Item 1.01 Entry into a Material Definitive Agreement.
On February 24, 2021, SunHydrogen, Inc. (the
“Company”) entered into a securities purchase agreement (the “Purchase Agreement”) with the purchaser set
forth on the signature page thereto (the “Purchaser”) for the purchase and sale of an aggregate of 95,238,096 shares
of the Company’s common stock (the “Shares”), and warrants to purchase an aggregate of up to 71,428,572 shares
of common stock (“Warrants”), in a registered direct offering at a combined purchase price of $0.105 per Share and
0.75 of one Warrant, for aggregate gross proceeds to the Company of approximately $10,000,000. The Warrants will be exercisable
for a period commencing upon issuance and expiring five years from issuance, at an exercise price of $0.12 per share, subject to
certain adjustments set forth therein.
Pursuant to an engagement letter (the “Engagement
Letter”) dated as of November 30, 2020, as amended, by and between the Company and H.C. Wainwright & Co., LLC (“Wainwright”),
the Company engaged Wainwright to act as the Company’s exclusive placement agent in connection with the registered direct
offering. Pursuant to the Engagement Letter, the Company agreed to pay Wainwright a cash fee of 7.0% of the gross proceeds the
Company receives under the Purchase Agreement. The Company also agreed to pay Wainwright (i) a management fee equal to 1.0% of
the gross proceeds raised in the offering; and (ii) $35,000 for non-accountable expenses. In addition, the Company agreed to issue
to Wainwright (or its designees) placement agent warrants (the “Placement Agent Warrants”) to purchase a number of
shares equal to 7.0% of the aggregate number of Shares sold under the Purchase Agreement, or warrants to purchase an aggregate
of up to 6,666,667 shares. The Placement Agent Warrants generally will have the same terms as the Warrants, except they will have
an exercise price of $0.13125 per share and a term of five years from the commencement of the sales in connection with the offering.

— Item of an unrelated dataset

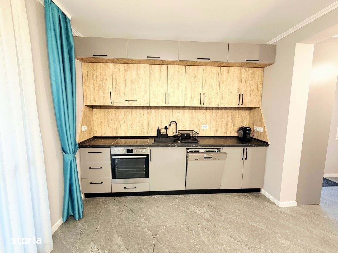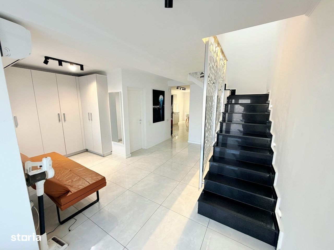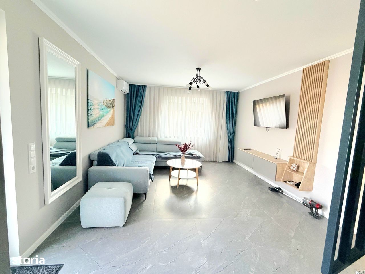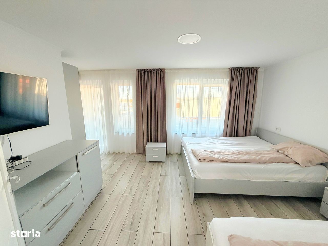 Va propunem la închiriere o casa modernă,compusă din:parter cu living room,bucătărie separată, 1 baie,ieșire pe terasă;etaj cu 3 dormitoare și 1 baie.Casa se închiriază mobilată și utilată în totalitate:Tv (in toate camerele),plită,cuptor electric,hotă,frigider,mașină de spălat vase,masină de spălat și uscat haine,aer condiționat.Casa este situată în cartier rezidențial Nicolae Grigorescu,la 3 min de Profi Market,LIDL,10 min de centrul orașului,iesire la centura.Confortul termic se face cu centrală proprie pe gaz,casa având costuri reduse de întreț fața casei sunt disponibile și 2 locuri auto.Preț 1200 euro.

The gross proceeds from the registered
direct offering are expected to be approximately $10.0 million, before deducting fees payable to the placement agent and other
estimated offering expenses. The registered direct offering is expected to close on or about March 1, 2021, subject to the satisfaction
of customary closing conditions.
The Shares, Warrants and Placement Agent
Warrants (and underlying shares) were offered, and will be issued, pursuant to the Prospectus Supplement, dated February 24, 2021,
to the Prospectus included in the Company’s Registration Statement on Form S-3 (Registration No. 333-252523) filed with
the Securities and Exchange Commission on January 28, 2021 and declared effective on February 3, 2021.
Sichenzia Ross Ference LLP, counsel to
the Company, has issued an opinion to the Company regarding the validity of the securities to be issued in the offering. A copy
of the opinion is filed as Exhibit 5.1 to this Current Report on Form 8-K.
The foregoing summaries of the terms of
the Purchase Agreement, Warrants, Placement Agent Warrants, and Engagement Letter described herein are subject to, and qualified
in their entirety by, such documents, which are incorporated herein by reference.